Towonge Munthali, 35, of Ntwalo, Mzimba, is married with five children.
Of the five children, four are girls and two of the girls are currently in secondary school.
In 2014, she was privileged to attend a training course in low-cost farm inputs production which was organised by Mwandama Millennium Challenge.
She considers that training as a turning point in her farming occupation as evidenced by increased improved crop production as a result of the knowledge and skills acquired from the course.
Today, Tiwonge proudly boasts of being a mother who has a home that is food secure as she is able to harvest enough maize, soya and other crops including two heads of cattle.
Coincidentally, World Food Programme (WFP) with funds from Fica has constructed a 700 metric ton warehouse in Ntwalo’s area and Agricultural Commodity Exchange (ACE) is currently helping build and improve the capacity of Tasanganapo Cooperative to efficiently run the warehouse under ACE’s Warehouse Receipt System.
During my recent visit to the area, farmers were grateful for this development as they now can safely store their grain not only in readiness for sale but also storage for food.
The farmers further express their excitement that the warehouse receipt system has also provided them with avenues for income generation as they can engage in some business ventures. This year, Tiwonge was able to deposit 374 kilogrammes of maize and sold her Warehouse Receipt to WFP collectively with her fellow cooperative members at K260 per kilogramme. Having paid the storage fees, which she says were reasonably affordable, Tiwonge walked away with over K90,000.

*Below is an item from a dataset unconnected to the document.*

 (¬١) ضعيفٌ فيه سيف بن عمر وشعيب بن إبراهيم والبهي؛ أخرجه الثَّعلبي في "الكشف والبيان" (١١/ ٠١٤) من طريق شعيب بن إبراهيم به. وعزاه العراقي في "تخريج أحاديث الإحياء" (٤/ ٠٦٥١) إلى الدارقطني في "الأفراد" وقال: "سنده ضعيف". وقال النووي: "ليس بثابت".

Together with her husband, who also usually attends the UN Women and Gender trainings, they mutually agreed to finish purchase of the remaining iron sheets and bought cement to finish plastering their new housing project. Tiwonge strongly believes that the UN Women trainings that she attends together with her husband have helped them as a family in good decision making for the different endeavours.
In addition, she has an account with the local Village Savings Loan group where the family has invested some of their money.

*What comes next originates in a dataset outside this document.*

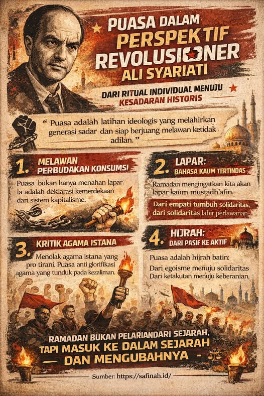 Syariati membedakan antara agama yang membius dan agama yang membebaskan. Puasa bisa menjadi candu jika hanya dirayakan sebagai tradisi tanpa transformasi. Tetapi ia menjadi energi revolusioner jika melahirkan kesadaran sosial dan keberanian historis.

I enjoyed interacting with Tiwonge as she explained her position today and her vision in the years to come as she reflected on her past. Despite being a small-scale farmer, she has been able to employ someone to help in land preparation as she plans to grow more crops in the next growing season. From her story, it is evidently clear that she is very optimistic about the
future and looking at what she is currently able to accomplish such as paying for her children education and finishing her house, one is left to conclude that her dream needs to be adequately supported.

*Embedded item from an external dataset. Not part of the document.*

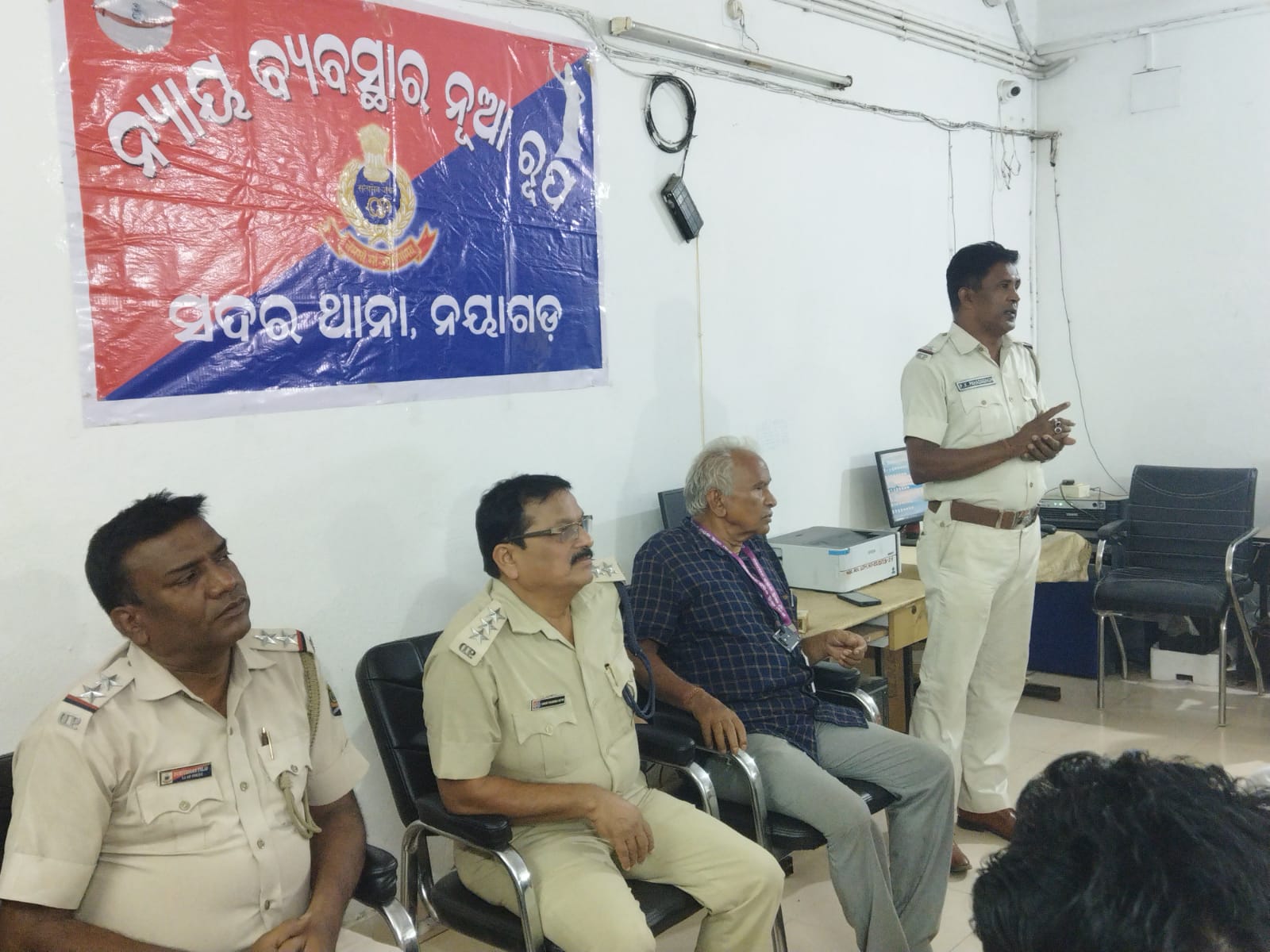 ନୟାଗଡ଼ ସଦରଥାନା ପରିସର ରେ ଆଜି ସନ୍ଧ୍ୟା 6ଘଟିକା ସମୟ ରେ ନ୍ୟାୟ ବ୍ୟବସ୍ଥା ର ନୂଆ ରୂପ କୁ ନେଇସଦର ଥାନା ଅଧିକାରୀ ଶରତ ଚନ୍ଦ୍ର ସେଠି ଙ୍କ ତତ୍ୱାବଧାନ ରେ ସଚେତନତା କାର୍ଯ୍ୟକ୍ରମ ଅନୁଷ୍ଠିତ ହୋଇଛି, ଏହି ଅବସର ରେ ସଦର ଥାନା ଅଧିକାରୀ ଶରତ ଚନ୍ଦ୍ର ସେଠି ଆଇନ ର ଗଢି ଉଠିଥିବା ନ୍ୟାୟ ବ୍ୟବସ୍ଥା ର ଆଇନ ବ୍ୟବସ୍ଥା ର ନୂଆ ରୂପ କୁ ନେଇ ଉପସ୍ଥିତ ଥିବା ସଦର ଥାନା ଅଞ୍ଚଳ ର ସମସ୍ତ ଜନ ପ୍ରତିନିଧି, ବୁଦ୍ଧିଜିବି ଙ୍କ ଗହଣ ରେ ନିଜର ବକ୍ତବ୍ୟ ପ୍ରଦାନ କରି ଆଇନ ବିଷୟ ରେ ତଥା ବ୍ୟବସ୍ଥାବିଷୟ ରେଅବଗତ କରିଥିଲେ,ଆଇନ ସଂହିତା ର ପରିବର୍ତ୍ତନ, ଅପରାଧ କୁ ନେଇ ଆଇନ ଓ ପୋଲିସ ନିକଟ ରୁ କିପରି ସୁବିଧା ସୁଯୋଗ ମିଳିପାରିବ ଆଲୋକ ପାତ କରିବା ସହିତ ବିଭିନ୍ନ ଆଇନ ଆଧାରିତ ସମସ୍ୟା କୁ ନେଇ ସଚେତନତା ବାର୍ତା ଦେଇ ଥିଲେ,ଆଇନ,ଆଧାରିତ ସମସ୍ୟା କୁ କିପରି ଯଥା ଶୀଘ୍ର ସମାଧାନ କରାଯିବ ତାହା ଉପରେ ସଚେତନତା କରି ବାର୍ତା ପ୍ରଦାନ କରିଥିଲେ,

In my view, it goes without saying that this dream has been enhanced because the buyer, WFP, in this case, had offered a good price for her Warehouse Receipt.
Over the years that I have been working in grain industry and in the rural communities, I have noticed one thing. Over 100 non-governmental organisations (NGOs) registered with Congoma indicate to be taking part in implementing interventions in various agricultural commodity value chains through engaging the rural communities.
The interventions, among others, are either in production or post harvest handling sectors. These organisations, which include government, have invested a lot in training extension workers who have managed to boost production through irrigation technologies, modern conservation agricultural practices and also through use of low-cost inputs which Tiwonge is one good example of the beneficiaries. I have also noticed that some of these organisations play a role at both ends of the value chain. These include such projects that support production and on the other hand those that procure food items for relief distribution or resale.
As we engage in discussions on economically empowering the rural communities estimated to be 80 percent engaged in agricultural production, I have some very important questions to reflect on.
What if government, after its extension workers have facilitated production and aggregation, instructs NFRA and Admarc to allocate funds to buy from those that are in cooperatives or associations? What if NGOs like World Vision buy the relief commodities from their own trained farmer groups? I am always left wondering why government should continue to pay expensively to vendors for the grain produced by farmer groups that are assisted by government paid extension workers and others produce using subsidised inputs?
My view is that if these organisations were to pay these good prices to the poor small holder farmers, this could be one way of economically empowering the communities rather than leaving these farmers to be exploited by the vendors who offer them very low prices. Just for example, if all government boarding secondary schools were to buy the sugar beans from these farmer organisations, could that not bring the much desired economic benefit to most rural communities in the country?
As I drove back from Mzimba to Lilongwe through Chikangawa Forest, I had a lot of mixed feelings on many of the unanswered questions lingering in my mind.Who will take these suggestions to government? How long will our farmers keep on suffering when solutions are on our doorsteps? Who will speak for these farmers who are being exploited by vendors year after year? Who will buy from Tiwonge next year so that her dream becomes a reality?